Association membership has jumped 44 percent in the last five years, to 820 law firms. It had operated in the shadow of ACA International, which is based in Minneapolis and has 5,500 members, but lately it has sought to draw differences.
"We're trying to create an awareness that attorneys collect debt ethically," said Markoff, whose practice is in Chicago. "To lump us in with a high school graduate who has not received similar training is not fair."

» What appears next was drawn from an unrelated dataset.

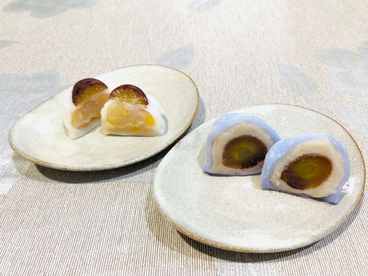 松山市桑原の和菓子屋さん。旬の果物を使ったフルーツ大福が特に人気のお店。ディスプレイには色とりどりの、コロンとまぁるく可愛い大福が並んでいます。今回いただいたブドウ大福、栗大福の断面の美しさに惚れ惚れ♡︎

In a recent interview, Ira F. Leibsker, another Chicago collections lawyer and past president of the association, acknowledged that the notion of a friendly debt collector had its limits. "We're trying to take people's money from them. Let's be honest," he said.
He cited some points rarely mentioned about the industry, like the opportunities it offers. "I have 180 employees feeding 180 families," he said. "Half if not more are single mothers, some of whom have only a high school education." His employees make $12 to $20 an hour phoning debtors.
The lawyers' group, like ACA International, is practicing outreach of a sort. Markoff is writing a column on President Lincoln, describing an inability to pay his own bills and his time as a collection lawyer.
Markoff also believes in self-empowerment. "I'm proud to be a debt collector," he said. "I tell everyone within earshot and with my head held high."
One recent morning he was in a courtroom in Chicago, waiting for dozens of debtors to show up in response to summonses. Only one appeared: Joslyn Savage, born in 1964, married with three children.
As soon as Savage checked in with the court, Markoff took her into the hallway and sat her down on a bench.
"This is kind of old, isn't it?" he said, holding a folder with a six-year-old bill for $2,644 from a Citibank credit card. "We'd like to see if we can settle it."
He asked questions rapidly and politely: Employed? No. Own real estate? Not in her name. Bank accounts? No. Expensive jewelry? She twisted her wedding ring. He reassured her that he was not going to take it.
Savage said her only income was her unemployment check. Markoff set up a payment plan of $100 a month and went away, satisfied with his new customer. She sat there a while longer, seeming more resigned than anything else.
"I used the money; I didn't pay; I feel I have to pay," she said. "What can I do?"